Railway station in Uttar Pradesh, India

Balrampur railway station is a railway station in Balrampur district, Uttar Pradesh. Its code is BLP. It serves Balrampur city. The station consists of two platforms. The platforms are not well sheltered.
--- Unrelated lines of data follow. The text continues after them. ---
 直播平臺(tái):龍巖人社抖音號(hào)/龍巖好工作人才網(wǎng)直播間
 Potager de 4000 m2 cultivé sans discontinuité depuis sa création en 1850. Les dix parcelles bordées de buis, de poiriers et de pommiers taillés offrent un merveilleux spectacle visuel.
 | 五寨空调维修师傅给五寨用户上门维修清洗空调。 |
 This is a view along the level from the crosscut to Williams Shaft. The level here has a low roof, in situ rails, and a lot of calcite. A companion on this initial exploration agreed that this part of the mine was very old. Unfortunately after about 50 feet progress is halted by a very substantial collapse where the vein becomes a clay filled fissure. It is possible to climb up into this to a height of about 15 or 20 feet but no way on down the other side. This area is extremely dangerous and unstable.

It lacks many facilities including water and sanitation.

== Major trains ==
Some of the important trains that runs from Balrampur are:

- Gorakhpur–Anand Vihar Terminal Humsafar Express (via Barhni)
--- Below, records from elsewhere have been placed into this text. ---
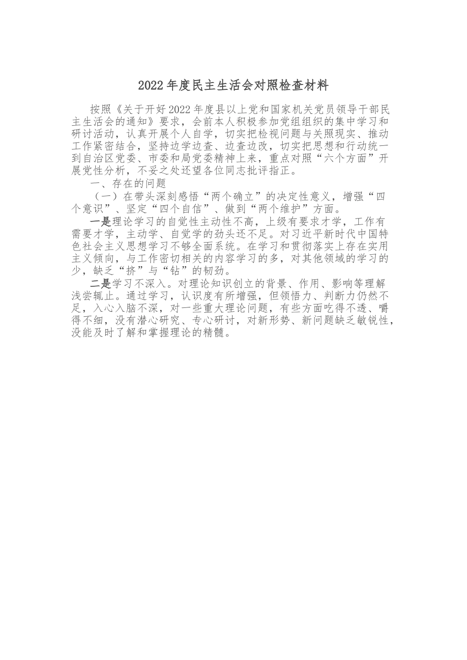 2022年度民主生活会对照检查材料按照《关于开好2022年度县以上党和国家机关党员领导干部民主生活会的通知》要求,会前本人积极参加党组组织的集中学习和研讨活动,认真开展个人自学,切实把检视问题与关照现实、推动工作紧密结合,坚持边学边查、边查边改,切实把思想和行动统一到自治区党委、市委和局党委精神上来,重点对照“六个方面”开展党性分析,不妥之处还望各位同志批评指正。一、存在的问题(一)在带头深刻感悟“两个确立”的决定性意义,增强“四个意识”、坚定“四个自信”、做到“两个维护”方面。一是理论学习的自觉性主动性不高,上级有要求才学,工作有需要才学,主动学、自觉学的劲头还不足。对习近平新时代中国特色社会主义思想学习不够全面系统。在学习和贯彻落实上存在实用主义倾向,与工作密切相关的内容学习的多,对其他领域的学习的少,缺乏“挤”与“钻”的韧劲。二是学习不深入。对理论知识创立的背景、作用、影响等理解浅尝辄止。通过学习,认识度有所增强,但领悟力、判断力仍然不足,入心入脑不深,对一些重大理论问题,有些方面吃得不透、嚼得不细,没有潜心研究、专心研讨,对新形势、新问题缺乏敏锐性,没能及时了解和掌握理论的精髓。三是没有充分运用理论指导实际。在学懂弄通做实习近平新时代中国特色社会主义思想、“四个意识”、“四个自信”、“两个维护”方面,执行力不强。自己没能充分运用创新理论指导工作完成任务,实践经验缺乏,实践经历不丰富,实践积累不全面。在践行为人民服务的宗旨意识上有差距,没能完全以群众的根本利益作为工作的出发点和落脚点。(二)在带头用习近平新时代中国特色社会主义思想凝心铸魂方面。一是在以上率下、推动工作上用心用力不足。用习近平新时代中国特色社会主义思想来认识问题、分析问题、解决问题的能力还不足。比如在协调推进乡村振兴建设上,与县委要求的还有差距,村内脏、乱、差的农户家庭依然存在,给群众宣传教育的多,亲自盯住落实到位的少,给村两委干部要求做的多,实地检验工作成果少。二是落实还不够迅速深入。在具体工作推进中,有时考虑的客观因素过多,反复研究考量,抓落实的时效性还不够。对群众接受程度高、推行阻力小的工作就执行得快一些,反之对一些难度较大的工作就执行得相对慢一些。虽然能对标贯彻执行自治区党委、市委的决策部署,但有时更多是为完成上级交办任务,创新性开展工作不够。三是落实还不够均衡。对习总书记讲话的精神内涵理解不透,对原理方法举一反三不足,理论指导实践不到位,工作的精力分配上有所失衡。本人工作精力过多倾向于***,一定程度上忽视了其他工作,工作重心失衡、不全面、不到位的表现一定程度存在。(三)在带头坚持和加强党的全面领导方面。一是带头抓党建作用没有发挥到位。有时受事务性工作影响,对党建应付抓、被动抓的时候多,没能将年度工作计划、贯彻上级重大决策、阶段性重大工作同党建工作齐抓共管,造成党建工作与业务工作分离脱节。二是在落实全面从严治党责任履行“一岗双责”方面做得不够。对有些工作多注重于留存资料,形式和内容缺乏实效性和针对性。工作纪律要求不够严格,对个别干部中存在的工作作风不实、工作热情不旺、工作劲头不足、工作要求不高、对群众态度蛮横方式简单等现象,加强监督管理方面不到位。(四)在带头学习坚持以人民为中心的发展思想,推动改革发展稳定方面。一是在立足岗位、履职尽责方面存在的差距和不足。对自己的要求还不够严、标准还不够高,锲而不舍、一抓到底、盯住不放的干劲还不足。对实施乡村振兴战略“二十字”方针理解把握还不到位,对深入贯彻落实中央农村工作会议精神特别是习近平总书记重要讲话精神,真抓实干做好新发展阶段“三农”工作,促进农业高质高效,乡村宜居宜业,农民富裕富足工作任务落地见效方面思考领悟不深不透。用学习指导实践、检验工作的效果不高。二是信念基石有待加固。没有常态化坚持用党的理论成果武装头脑,在学思践悟中不断提高思想政治理论水平方面有所欠缺。党员的先锋模范带头作用没有充分发挥,在履行党员的责任和义务,坚定理想信念,尽职尽责为民方面做的...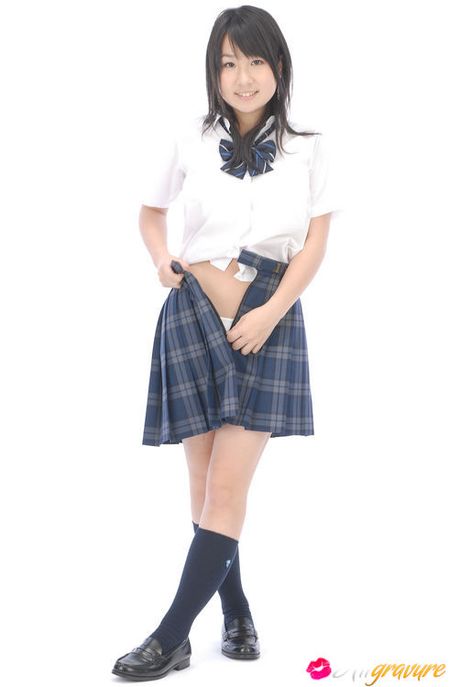 All Gravure: Adorable busty asian school girl lifts up her plaid skirt
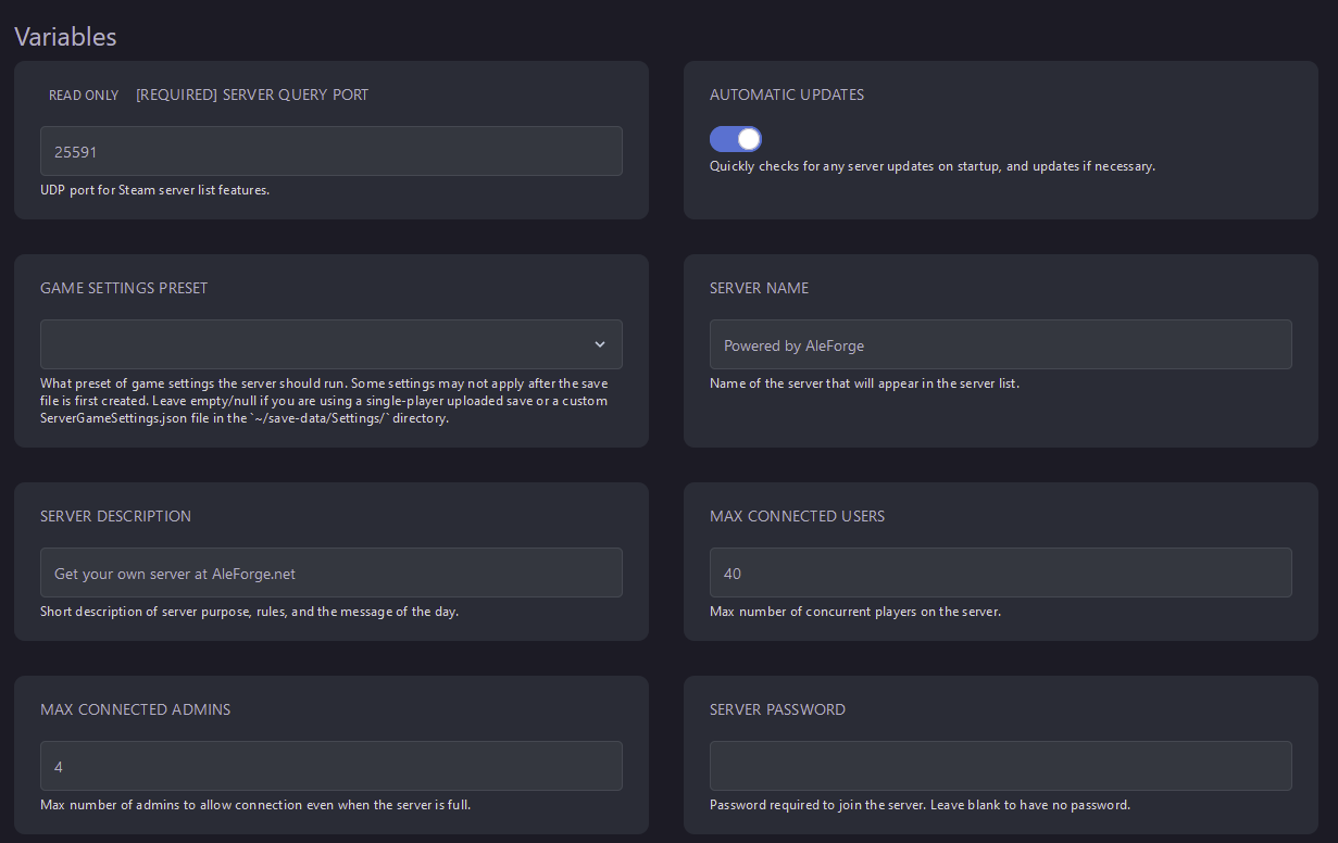 ServerGameSettings.json - Use your preferred file editor to change your settings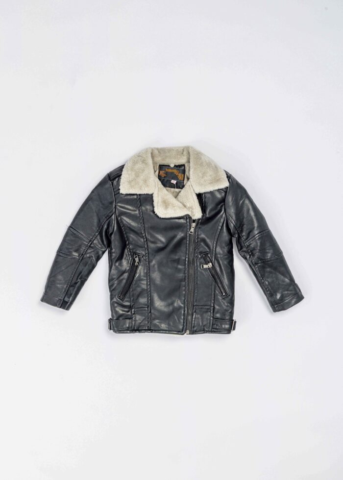 جاكيت اطفال بيبي ولادي, جلد, مبطن بالفرو, ياقة مثنية, سحاب من الامام للاغلاق, اكمام طويلة, جيوب من الامام مع سحابات للاغلاق, احزمة من الجانبين, انيق وعصري
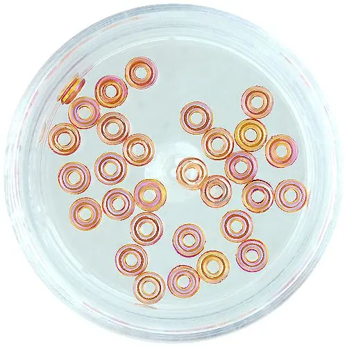 Decorații portocalii pentru unghii în formă de cercuri goale cu luciu fin sidefat. Sunt ideale pentru decorarea tuturor tipurilor de unghii.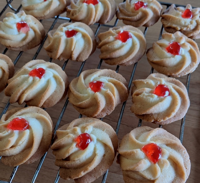やはり、絞り出しクッキーにはドレンチェリーはかかせません。

- Lokmanya Express (11079/80)
- Sushasan Express (11111/11112)
- Lucknow Junction–Nakaha Jungle Passenger (55050/31)
- Gorakhpur–Gonda DEMU (75005/02)
- Gorakhpur–Gonda Junction DEMU (75007/08)
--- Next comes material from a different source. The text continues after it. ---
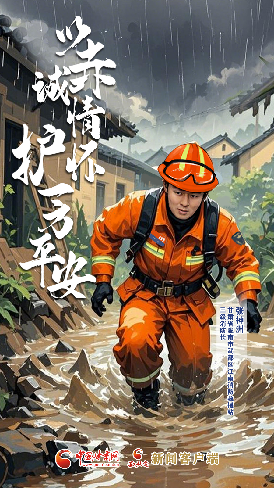 手繪海報|甘肅省隴南市武都區(qū)江南消防救援站三級消防長張神洲:以赤誠情懷 護一方平安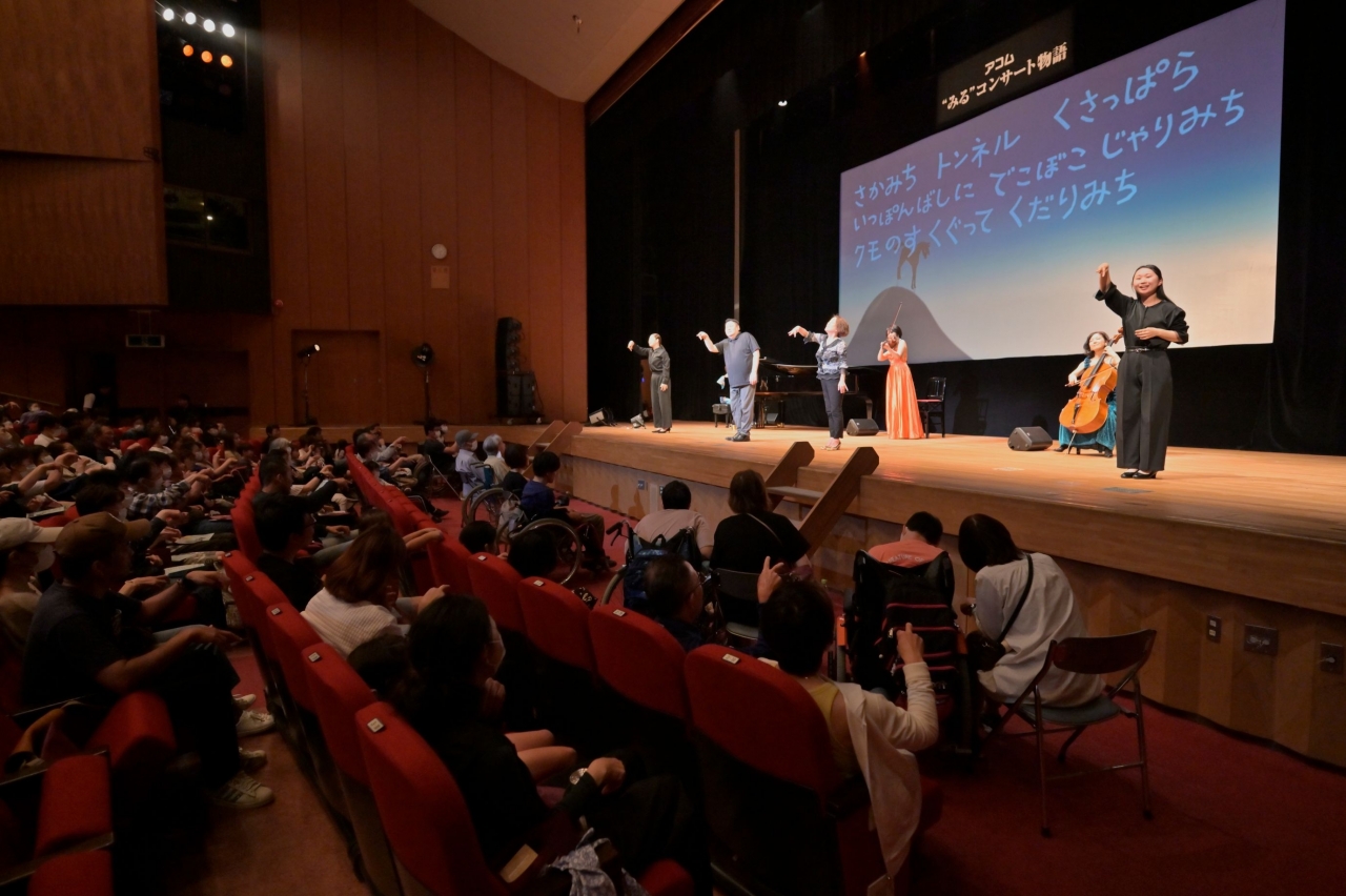 「“みる”コンサート物語」は、小さなお子さまからお年寄りまで、またハンディキャップのあるなしに関わらず、皆さまに楽しんでいただけるバリアフリーコンサートとして全国各地で開催しています。

- Daliganj Junction–Nakaha Jungle Passenger (55032/49)
- Gorakhpur–Panvel Express (via Barhni)
- Bandra Terminus–Gorakhpur Antyodaya Express
- Gorakhpur–Bandra Terminus Express (via Barhni)
- Gorakhpur–Badshahnagar Intercity Express
- Gorakhpur–Sitapur Express (via Barhni)
- Champaran Humsafar Express (Katihar–Old Delhi railway station) (15705/15706)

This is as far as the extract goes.